I got the news that I have to switch drugs. I asked about surgery, and he said doesn't make sense because I am metastatic. But doesn't it make sense to get them removed if possilble, and continue chemo so others don't grow?

sreekanth
Posts: 61
Joined: Apr 2017

Surgery is routinely done for metastatic lung cancers, I had surgery to remove a solitary lung nodule two years ago. The decision to perform or not perform surgery depends on the extent of metastasis. 
I have heard stories of people getting tumors removed from multiple sites in the lungs and liver (in colontalk forum). Please try to learn more about your condition and if possible, get second opinion

SnapDragon2's picture
SnapDragon2
Posts: 582
Joined: Nov 2019

Well said!  Strongly agree...Surgical opinion is always the best idea.

Diane_K's picture
Diane_K
Posts: 73
Joined: Jan 2019

You should get a second opinion from a surgeon.  Surgeons will decide if they feel they can safely and completely remove tumors, not an oncologist.  I had three small tumors removed from my lungs, two on my right and one on my left.  I also had two tumors removed from my liver, and I am now 4.5 year NED.  My oncologist wanted me to have radiation on my left lung tumor.  I wanted surgery instead so I made an appointment with my surgeon and he agreed to remove it.

Sending you best wishes, Abita

abita's picture
abita
Posts: 1069
Joined: Dec 2017

Thank you.

abita's picture
abita
Posts: 1069
Joined: Dec 2017

How do you find a lung surgeon to get a second opinion? In my mind, even if they aren't all operable, my lung term chances are better the fewer I have, especially if the bigger ones can go. It is so weird, but the 2 smaller ones remained unchanged, only the larger grew since the last scan.

abita's picture
abita
Posts: 1069
Joined: Dec 2017

How do you find a lung surgeon to get a second opinion? In my mind, even if they aren't all operable, my lung term chances are better the fewer I have, especially if the bigger ones can go. It is so weird, but the 2 smaller ones remained unchanged, only the larger grew since the last scan.

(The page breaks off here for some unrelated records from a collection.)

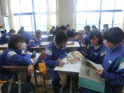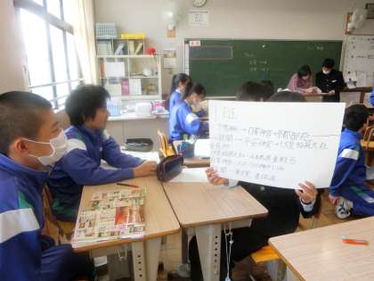 3年1組の総合の時間です。3年生は朝から学力・学習状況調査に取り組みました。6時間目は修学旅行の調べ学習をすることができ、リラックスしていました。1か月後が楽しみですね。
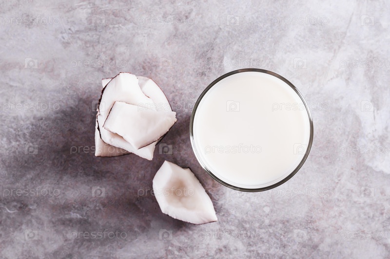 Крупный план свежего кокосового молока в стакане и кусочков кокоса на тарелке на столешнице
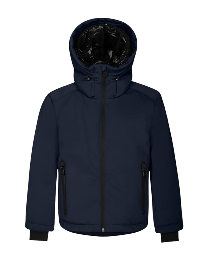 Giubbino imbottito blu da bambino, realizzato in tessuto tecno soft shell. Presenta cappuccio fisso con coulisse, finto gilet fisso con cappuccio all'interno in nylon, maniche lunghe con polsi a coste elasticizzate, chiusura frontale con zip, due tasche all'americana laterali e orlo dritto.
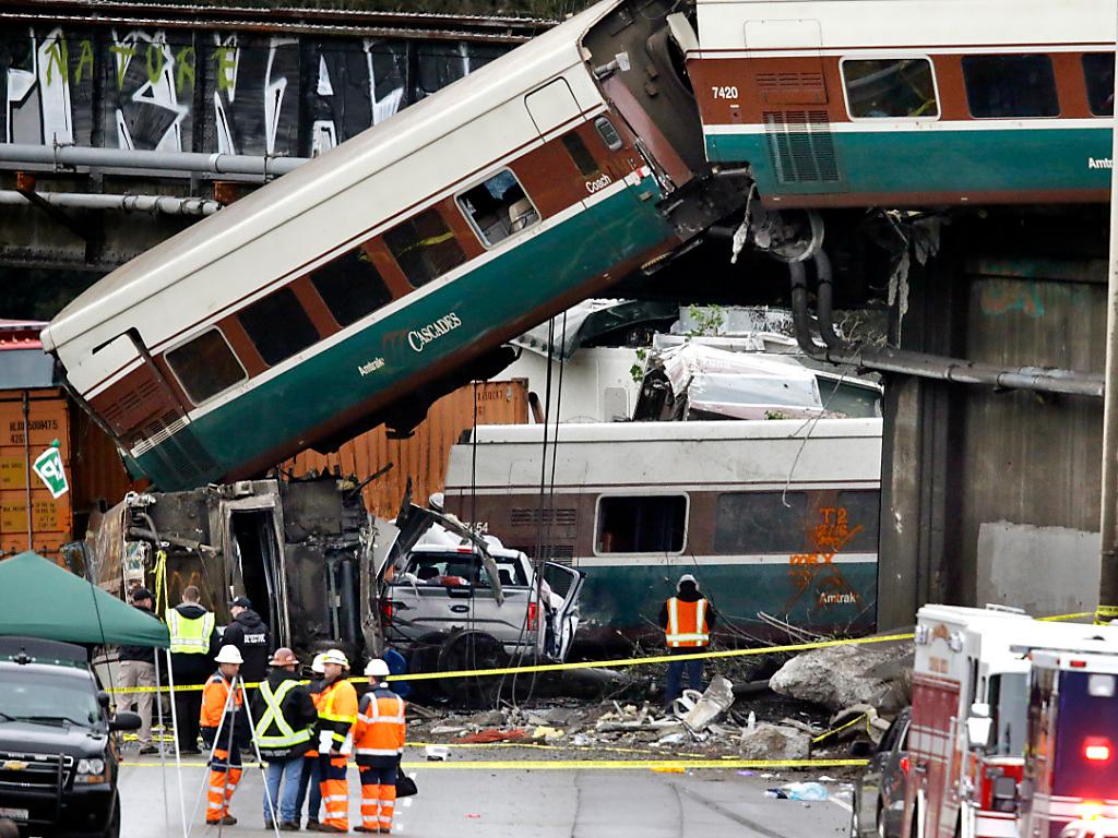 Alcune delle carrozze sganciatesi dai binari sono precipitate su una strada interstatale, la I-5, una delle principali e più trafficate arterie della zona, mentre uno dei vagoni è rimasto per ore in bilico su un ponte ferroviario. Secondo fonti locali, sono in totale 13 i vagoni usciti dai binari.
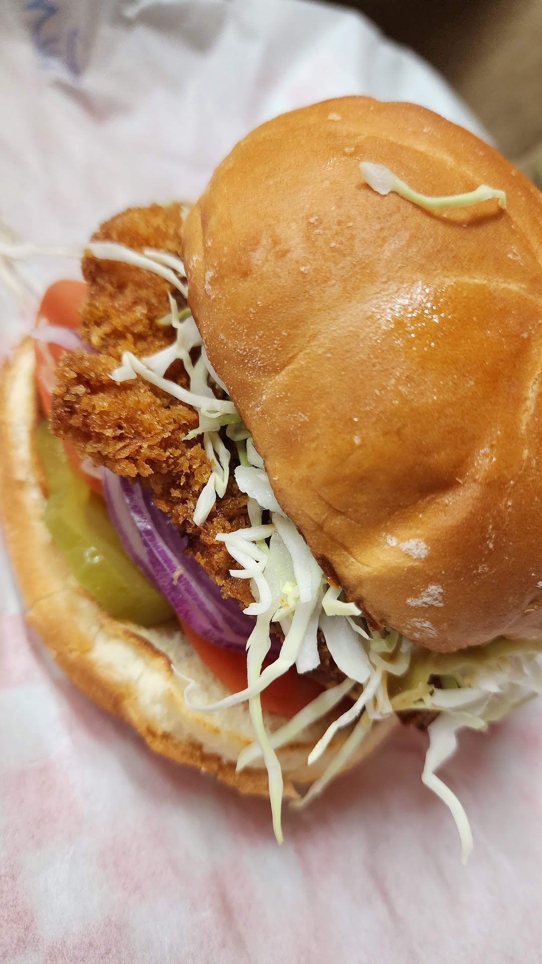 I've been here a few times, it's exactly as delicious as it sounds. I've had the beef, pork, and chicken katsu patties at different points, and there all very good, the chicken is probably my favorite but if you're only going to try one the burger is the experience you probably want to have. This is a fried burger, so there's no way it wouldn't be delicious, but it's really not as greasy as you would expect and the batter is light and crispy. The veg on the burger is good, too. Always fresh, and they use Japanese-style variants of things where they can to give you that Japanese-American fusion experience (the burger will have a giant pile of delicious cabbage on it instead of lettuce for example, and they use Japanese-style mayos and sauces).

The more I think about maybe some could be removed, the more hope slowly sinks back in.

I don't understand. Why would an oncologist not want a patient to see if surgery is an option?

abita's picture
abita
Posts: 1069
Joined: Dec 2017

I read somewhere just a minute ago, that only 10 percent of lung mets are operable.

Does that sound right, or does it sound like maybe that could have been the case before but that there are so many new ways to remove or burn them or whatever, that the odds are greater?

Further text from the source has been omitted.